Teucrium disjunctum

Scientific classification
- Kingdom: Plantae
- Clade: Tracheophytes
- Clade: Angiosperms
- Clade: Eudicots
- Clade: Asterids
- Order: Lamiales
- Family: Lamiaceae
- Genus: Teucrium
- Species: T. disjunctum
- Binomial name: Teucrium disjunctum K.R.Thiele & K.A.Sheph.
- Synonyms: Spartothamnella canescens K.R.Thiele & K.A.Sheph.

= Teucrium disjunctum =

- Genus: Teucrium
- Species: disjunctum
- Authority: K.R.Thiele & K.A.Sheph.
- Synonyms: Spartothamnella canescens K.R.Thiele & K.A.Sheph.

Species of flowering plant

Teucrium disjunctum is a species of flowering plant in the family Lamiaceae and is endemic to inland Australia. It is an erect, openly-branched, hairy, greyish-white shrub, usually with egg-shaped to elliptic leaves, and white flowers arranged singly in leaf axils.

==Description==
Teucrium disjunctum is an erect, openly-branched shrub that typically grows to a height of 0.3–0.8 m. Its branches are square in cross-section, greyish-green and covered with branched hairs and sessile glands. The leaves are egg-shaped to elliptic, 15–25 mm long, 3–5 mm wide, sessile and covered with greyish-white hairs. The flowers are arranged singly in the axils of leaf-like bracts near the ends of the stems, each flower sessile or on a short pedicel. The sepals are 3–3.5 mm long, joined at the base for about 1 mm with narrow triangular lobes. The petals are white, 8–12 mm long, the lowest lobe 1.5–2 mm long. Flowering occurs in most months with a peak from May to November and the fruit is spherical, glossy orange-red and 3–4 mm in diameter.

==Taxonomy==
This species was first formally described in 2014 by Kevin Thiele and Kelly Anne Shepherd and given the name Spartothamnella canescens in the journal Nuytsia. In 2017, Thiele and Shepherd changed the name to Teucrium disjunctum in a later edition of the same journal. The specific epithet (disjunctum) means "separate, distinct", referring to the three disjunct populations of this species.
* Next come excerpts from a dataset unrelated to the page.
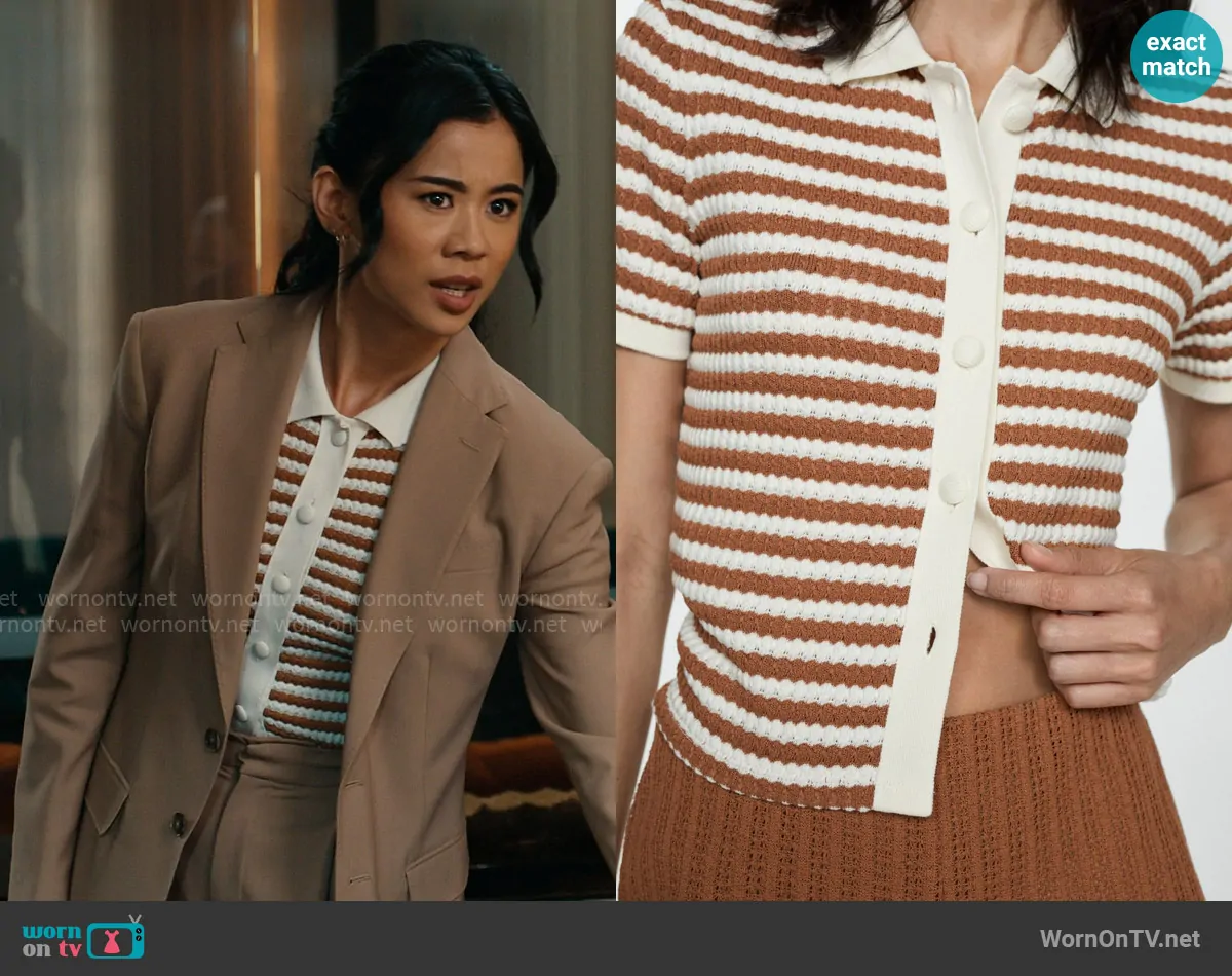Sarah Franklin (played by Leah Lewis) on Matlock on CBS was spotted wearing this camel suit and striped knit top on Matlock on episode 'The Johnson Case' (1x16) in Apr 2025. Sarah's Top is the Stripe Short Sleeve Knit Button-Up Shirt by Mango . Sarah's Jacket is the Wool Blend Blazer in Camel by Polo Ralph Lauren . Sarah's Pants is the Wool Pleated Wide-Leg Pants in Camel by Polo Ralph Lauren.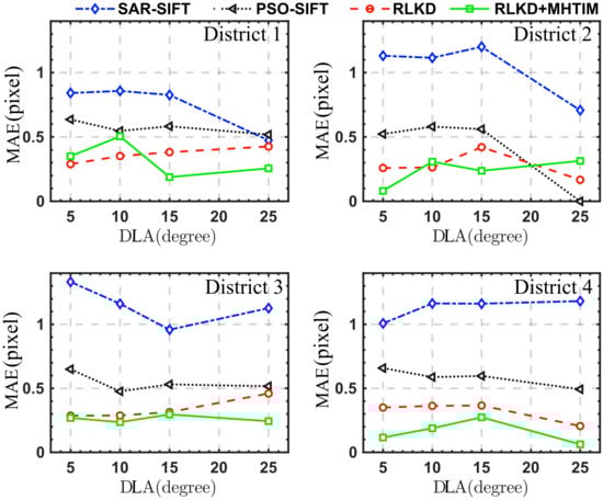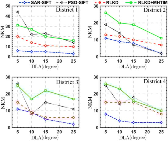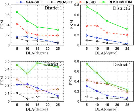 Figure 10 shows the MAE values of the three registration algorithms for the simulated data under different differences in look angles. Among them, the MAE of SAR-SIFT is the largest, and the results are unstable in areas with different elevation differences. Overall, except for the case where DIA is equal to in district 2, our method obtains the smallest MAE, and when the DIA increases, the MAE of the RKLD and MHTIM methods remain stable. This result shows that the method proposed in this paper can effectively overcome the geometric distortion caused by the large look angle difference and ensure the stability of the registration process. From the comprehensive analysis of NKM in Figure 11, it can be seen that for PSO-SIFT, the result of MAE is smaller than SAR-SIFT and its NKM is higher. But from the perspective of PKM in Figure 12, only about of the keypoints detected by PSO-SIFT are matched. This value is not higher than SAR-SIFT. This suggests that the keypoints detected by PSO-SIFT may not be more applicable than SAR-SIFT in SAR images with large geometric distortion. The MAE of RLKD in this paper is smaller than those of SAR-SIFT and PSO-SIFT. The RLKD+MHTIM method further reduces the MAE. This shows that the use of the isomorphism of the distribution structure of keypoints increases the stability of our method.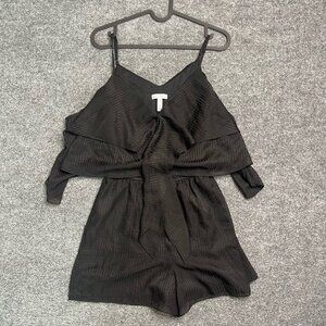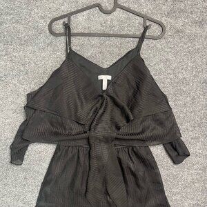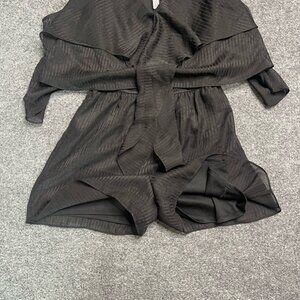 Leith Womens Romper Black Geometric Stripe Cold Shoulder V Neck Tie Front S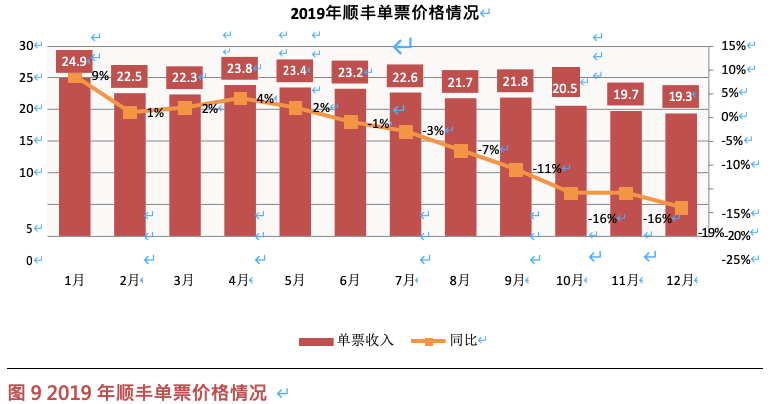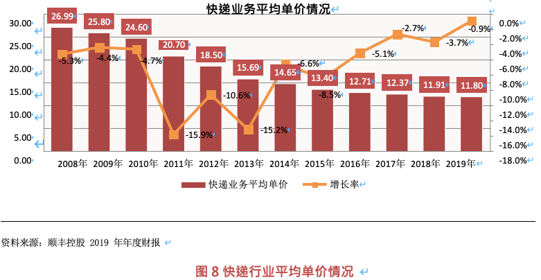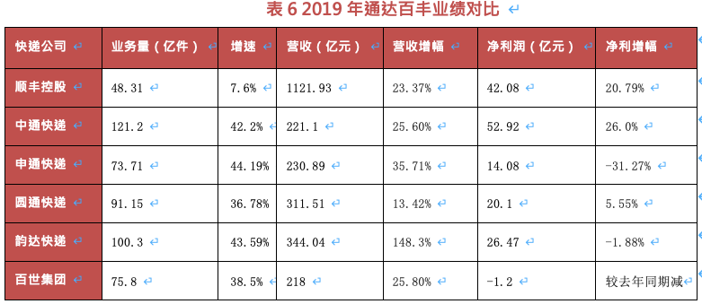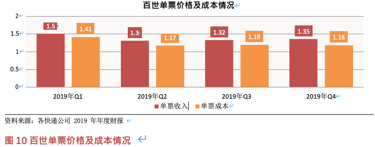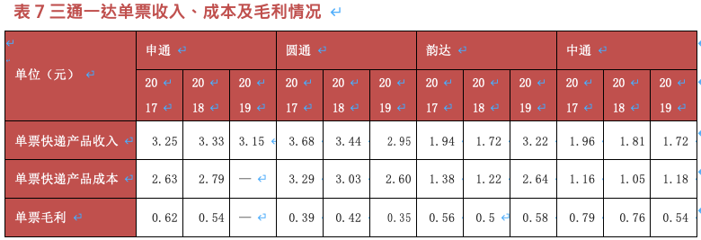 從快遞單票價格情況來看,順豐控股票均單價從 2018 年的 23.2 元降到 2019 年的 21.8 元, 降幅 6%。三通一達方面,申通、圓通、中通價格均實現下降,韻達同比增長,但利潤方面保存平穩。百世快遞同時受中低端快遞市場價格戰加劇影響,百世快遞單票收入由 1.53 元下滑至1.35 元,同比下降 11.76%,為通達系最低水平。單票毛利 0.17 元,毛利率 6.01%,同比增加0.66 個百分點。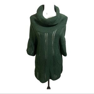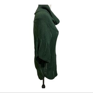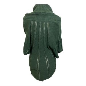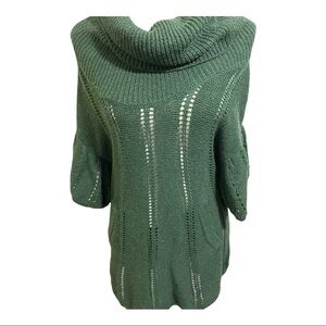 BCBG Maxazaria womens sweater merino blend knit cowl neck hunter green short sleeve front kangaroo pocket. Size Small.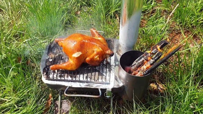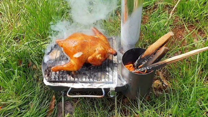 Если накрыть ее крышкой, то получается духовка. При использовании ее в таком режиме важно укладывать продукты на решетку, чтобы они не пригорали. Если при запекании будет капать жир, то снизу можно подстилать фольгу и поверхность под ней останется чистой. Пепел вытрушивается из топки переворачиванием духовки.

==Distribution and habitat==
This germander grows in on rocky hills, gorges and scree slopes, often in sheltered positions. It occurs in the southern Northern Territory and adjacent areas of Western Australia and in two disjunct populations in Western Australia - one in the Pilbara and the other further south in the Avon Wheatbelt, Coolgardie and Yalgoo biogeographic regions.

==Conservation status==
Teucrium disjunctum is listed as "not threatened" in Western Australia but as "near threatened" under the Northern Territory Government Territory Parks and Wildlife Conservation Act 1976.